Se pasaba así por alto que a esas alturas ya había dado frecuentes muestras de sus limitaciones, tanto físicas como mentales, para ostentar el cargo y para competir con un histriónico maestro del espectáculo que incluso ha logrado convertir a su favor las causas judiciales que lo han convertido ya en un convicto.
No hacía faltar esperar a su penosa actuación en el debate electoral del pasado 27 de junio para entender que sus posibilidades de victoria eran mínimas, tal como venían consistentemente reflejando las encuestas desde hacía tiempo; pero a esas alturas el partido ya no veía más remedio que seguir apostando por él. Si a eso se le añade que el atentado sufrido por Trump ha dotado al candidato republicano de un aura divino, se llega de inmediato a la conclusión de que Biden no tenía ya nada que hacer frente a su rival.

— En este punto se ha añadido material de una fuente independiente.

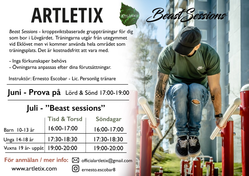 BEAST Sessions- Kroppsviktsbaserade gruppträningar! Med fokus på övningar som kan användas vart som helst, när som helst, i hemmet, utomhus, på utegymmet m.m. Vi kommer använda hela området som träningsplats. Vi kommer definitivt vara en del i naturen
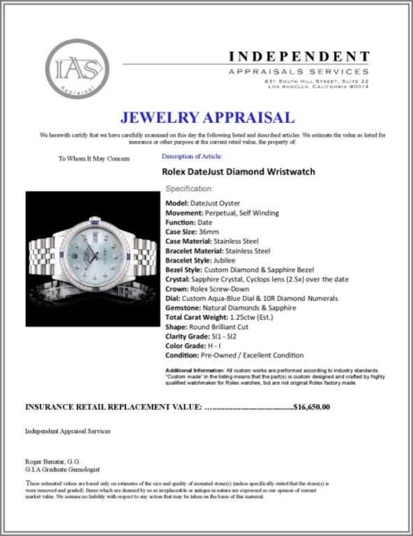 Dial: Custom Aqua-Blue Dial & 10R Diamond Numerals
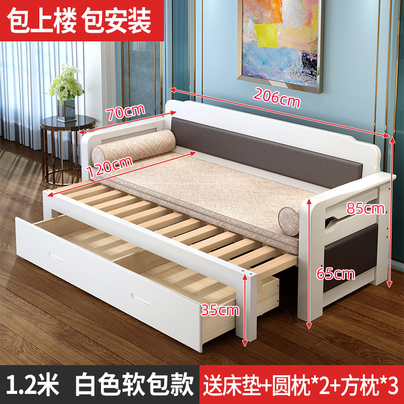 단단한 나무 소파 침대 접이식 작은 아파트 더블 좌석 침대 푸시 풀 거실 다기능 1.5m 텔레스코픽 침대 이중 용도스토어 가기
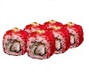 рис,нори , лосось темпура, огурец, сыр творожный,стружка тунца,соус спайси
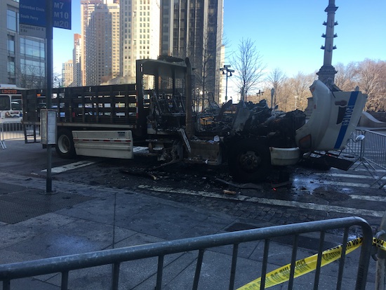 The burnt husk of the truck ?sat next to the Time Warner Center after FDNY put it out.
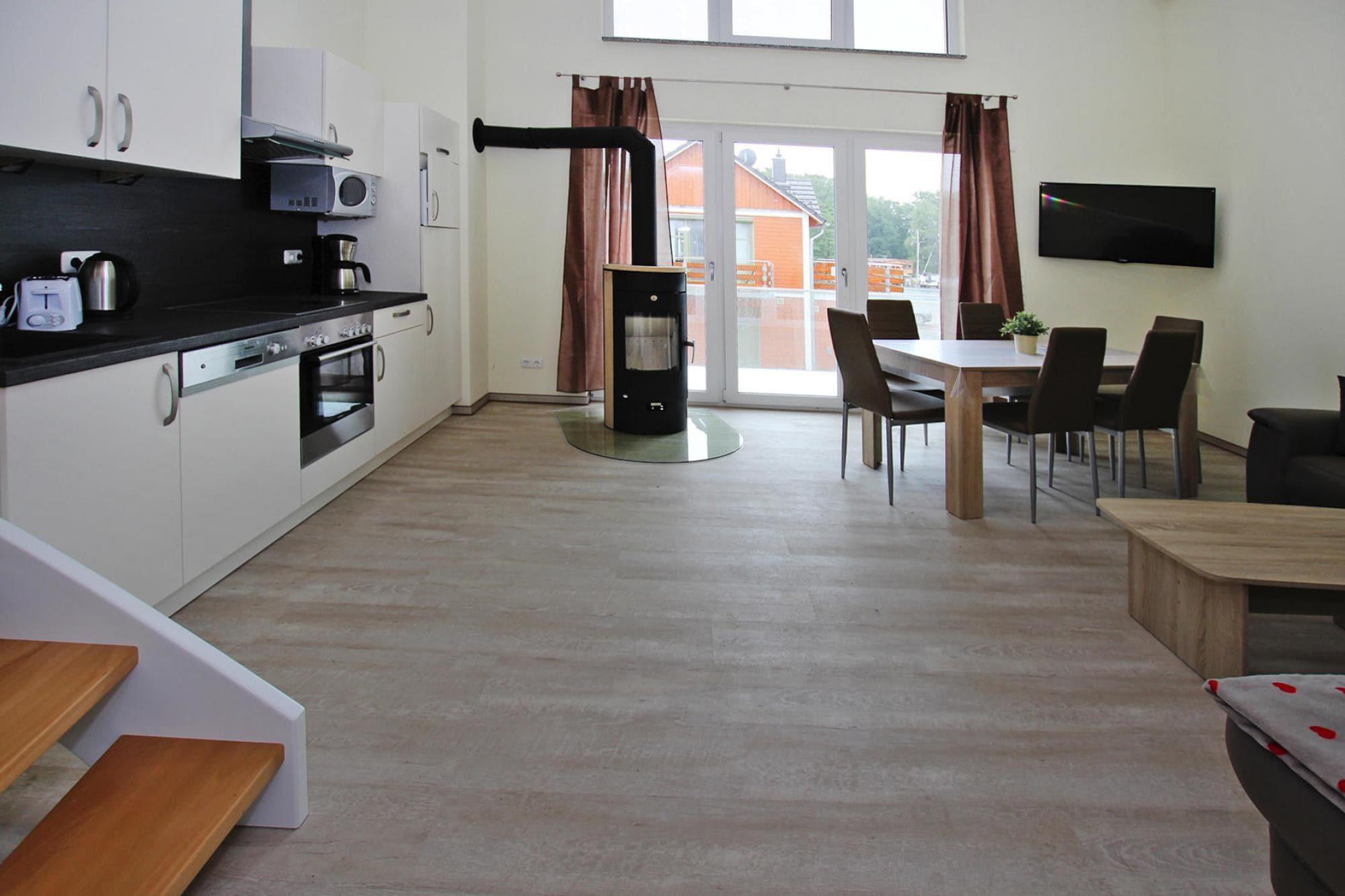 Nyd den vidunderlige udsigt over Plauersøen: Det nybyggede rækkehus ligger direkte ved sportsbådshavnen i den tidligere fiskerby Plau am See. Den højkvalitets og komfortabelt indrettede bolig har en overdækket terrasse og en balkon med en smuk udsigt over vandet. Bådudlejning er lige uden for døren, så du kan gå på opdagelse eller fiske. Centrum og den gamle bydel i den charmerende by - som også er et klimakursted - kan nås til fods herfra. Forskellige restauranter og caféer serverer specialiteter fra Mecklenburg, og små butikker inviterer dig til at gå på opdagelse. Højdepunkter inkluderet: Alle forbrugsbaserede energiomkostninger Sengetøj TRÅDLØS INTERNETADGANG Aktiviteter i nærheden: Guidede fisketure, bådture eller udflugter på et af passagerskibene, hvorfor ikke bare tage et krydstogt over søen! Hvis du selv kan lide at være aktiv, kan du udforske søen på en padletur. Hvis du foretrækker at rejse på tørre fødder, så tag en byrundtur med den lille Plauer Bahn eller oplev landskabets skønhed på en cykeltur eller en vogntur. De med sportslige ambitioner kan teste deres færdigheder i klatreparken. Udflugtstips: Müritz Bjørneskov, Wangeliner-haven og Lübzer Kunstspeicher.
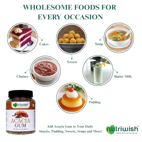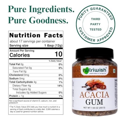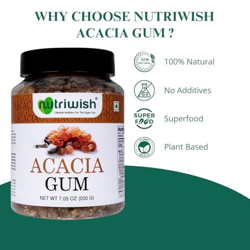Nutriwish Acacia Gum 7 oz (200g) | 100% Natural Water-Soluble & Preservative-Free | Perfect for Herbal Mixes & Beverages
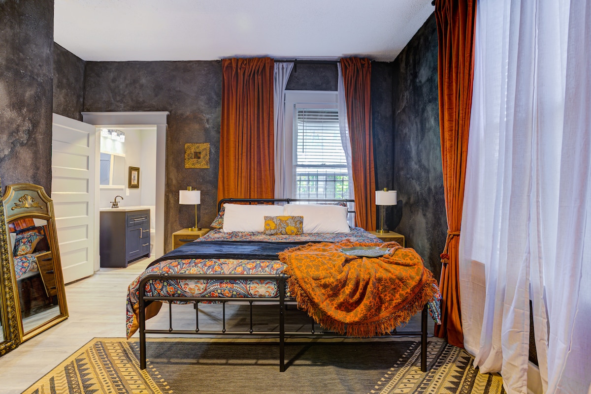 Sumérgete en un pintoresco oasis en el corazón del Victorian Village de Memphis. Disfruta de una estancia encantadora en un estudio tamaño king recién renovado con decoración moderna, situado frente a villas centenarias. Deléitate con vistas cautivadoras, un diseño abierto distintivo y una decoración digna de Instagram. Disfruta de una cocina totalmente equipada, baño completo con bañera y tocador bien iluminado. Con proximidad céntrica a atracciones clave, estacionamiento cerrado gratuito y wifi, tu estancia promete comodidad y encanto.

En consecuencia, el pánico se ha apoderado del Partido Demócrata y en plena desesperación sus principales figuras han decidido pasar a la ofensiva, presionando a Biden para que abandone por la fuerza su sueño político. Un partido que, haciendo ejercicio de la más grosera hipocresía, dice valorar ahora su gesto como el propio de un patriota y un estadista generoso, cuando un minuto antes de su renuncia lo criticaba por incapaz. Un partido que ahora pretende convencer a sus potenciales votantes de que Kamala Harris es un dechado de virtudes, las mismas que hasta ayer no quisieron ver hasta el punto de arrinconarla en una vicepresidencia sin futuro.
Racionalmente, el Partido Demócrata no debería estar interesado en promover unas primarias a la carrera, aunque solo sea porque mostraría públicamente sus fracturas internas, cuando lo que necesita es dar imagen de unidad, y porque dejaría aún menos tiempo a quien sea finalmente nominado para crearse una imagen conocida y con cierto gancho electoral antes de noviembre.
Partiendo, por tanto, de que Harris es la opción más probable, queda por ver si se hunde irremediablemente ante quien se ha atrevido a decir que recibió “un balazo en nombre de la democracia” o va a suponer un revulsivo que acabe logrando una victoria que sería una mayúscula sorpresa, movilizando a quienes valoran su defensa del derecho al aborto o su sensibilidad para hacer frente al cambio climático o potenciar la integración plena de las minorías en un país que está sufriendo un retroceso democrático innegable.
En todo caso, obliga a Trump a modificar su estrategia para la campaña electoral, aunque solo sea porque no podrá emplear contra ella los mismos argumentos que ya viene utilizando contra Biden.
El Partido Demócrata, en definitiva, ha decidido jugar a la lotería, deshaciéndose de quien ya veía como un cadáver político, al que le esperan unos meses de agonía, sin el consuelo de poder actuar de telonero en los mítines de Harris, necesitada de marcar diferencias.
Precisamente, si finalmente es ella la nominada, uno de los problemas que va a encontrar en este giro de guion es que no tiene ningún balance propio que presentar y tampoco ha dado a conocer grandes ideas sobre su manera de ver el papel de Estados Unidos en el mundo. En todo caso, visto desde la perspectiva ucraniana, taiwanesa o europeo-occidental, y ante la perspectiva de un Trump crecido y victorioso, la (improbable) victoria de Harris dibujaría al menos la pequeña esperanza de que Washington no gire bruscamente hacia el aislacionismo y el abierto entendimiento con autócratas como los de Rusia y China.
Una mínima esperanza que no incluye a los palestinos, dado el alineamiento mostrado en tantas ocasiones por la vicepresidenta (al igual que su actual jefe y su previsible rival en la campaña electoral) con el gobierno de un Benjamin Netanyahu al que ya espera el Congreso de EEUU.